[Given information — start]

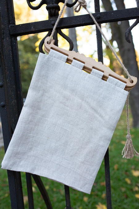 Leinentasche aus Haithabu mit hölzernen Griffen
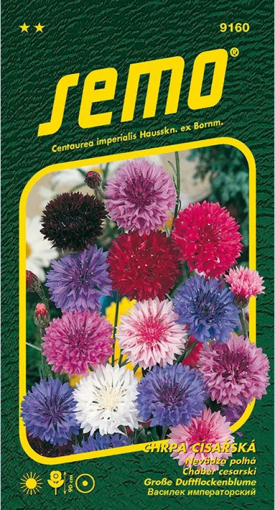 Chrpa císařská směs barev je směs bílých, modrých, růžových a karmínových plných květů, dosahující výšky 90 cm. Tato letnička roste rychle, má vzpřímený a silně rozvětvený vzrůst, s kopinatými, úzkými, šedozelenými listy a kvete od června do září. Je ideální pro skupinové výsadby a k řezu, kde květiny ve váze vydrží až 10 dní.
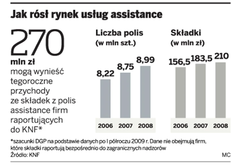 W tym roku przychody raportujących do polskiego nadzoru towarzystw ubezpieczeniowych ze sprzedaży polis assistance sięgną 270 mln zł. Ile będzie wart cały rynek, nie sposób oszacować, bo znaczna część składek trafia do operatorów, którzy podlegają zagranicznym nadzorcom i do nich przesyłają informacje. Na przykład część programów Inter Partner Assistance jest ubezpieczana przez polski oddział belgijskiej spółki ubezpieczeniowej IPA. Z danych KNF wynika, że po I półroczu ubezpieczyciele zebrali z polis assistance o 28 proc. więcej składek niż rok wcześniej. Co ciekawe, równocześnie wzrost liczby polis był bardzo niewielki, zaledwie o 1-proc. Łączna liczba sięga 9 mln sztuk.
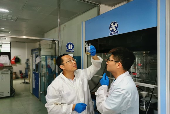 岳军(左一)在实验室开展实验
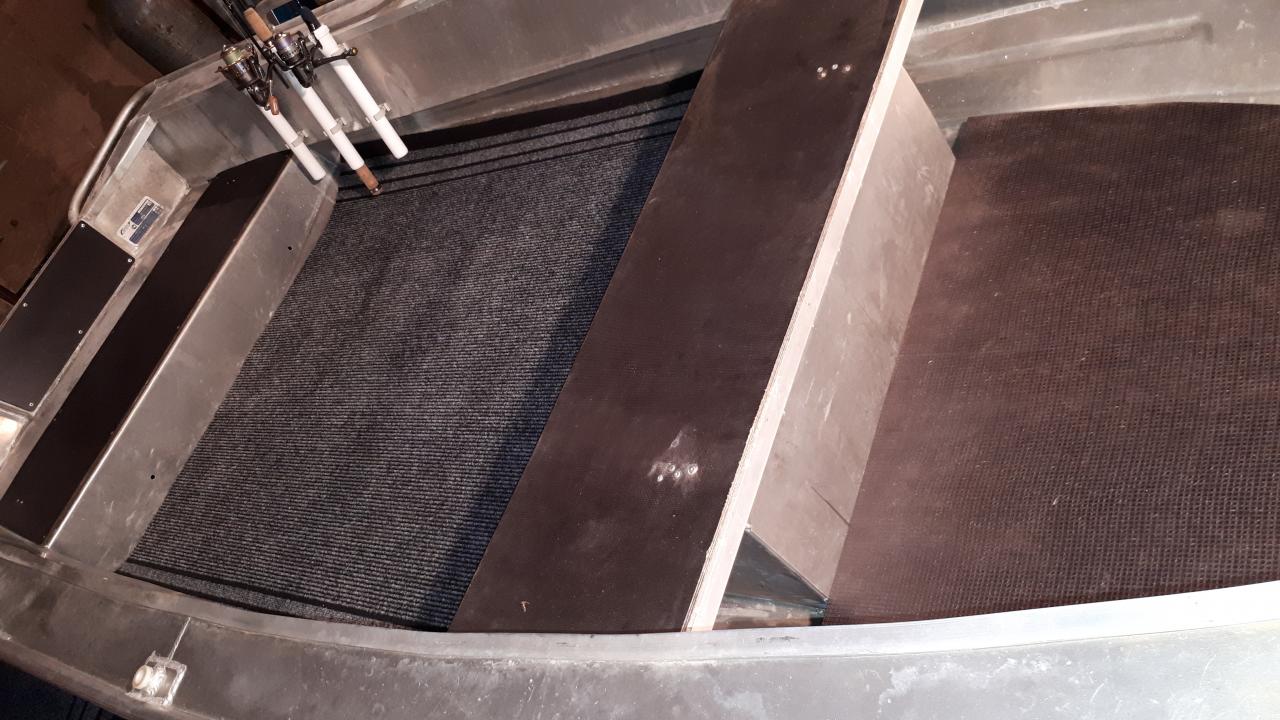 Заводское покрытие в 6 мм заменено на финскую влагостойкую фанеру с рефлением в 12 мм. Поднята палуба. Сплошной ровный пол по всей длине лодки.

[Given information — finish]

■ **Task requirements**
Give the data again exactly as it appears, but without any images.

■ **Answer space**
 Leinentasche aus Haithabu mit hölzernen Griffen
 Chrpa císařská směs barev je směs bílých, modrých, růžových a karmínových plných květů, dosahující výšky 90 cm. Tato letnička roste rychle, má vzpřímený a silně rozvětvený vzrůst, s kopinatými, úzkými, šedozelenými listy a kvete od června do září. Je ideální pro skupinové výsadby a k řezu, kde květiny ve váze vydrží až 10 dní.
 W tym roku przychody raportujących do polskiego nadzoru towarzystw ubezpieczeniowych ze sprzedaży polis assistance sięgną 270 mln zł. Ile będzie wart cały rynek, nie sposób oszacować, bo znaczna część składek trafia do operatorów, którzy podlegają zagranicznym nadzorcom i do nich przesyłają informacje. Na przykład część programów Inter Partner Assistance jest ubezpieczana przez polski oddział belgijskiej spółki ubezpieczeniowej IPA. Z danych KNF wynika, że po I półroczu ubezpieczyciele zebrali z polis assistance o 28 proc. więcej składek niż rok wcześniej. Co ciekawe, równocześnie wzrost liczby polis był bardzo niewielki, zaledwie o 1-proc. Łączna liczba sięga 9 mln sztuk.
 岳军(左一)在实验室开展实验
 Заводское покрытие в 6 мм заменено на финскую влагостойкую фанеру с рефлением в 12 мм. Поднята палуба. Сплошной ровный пол по всей длине лодки.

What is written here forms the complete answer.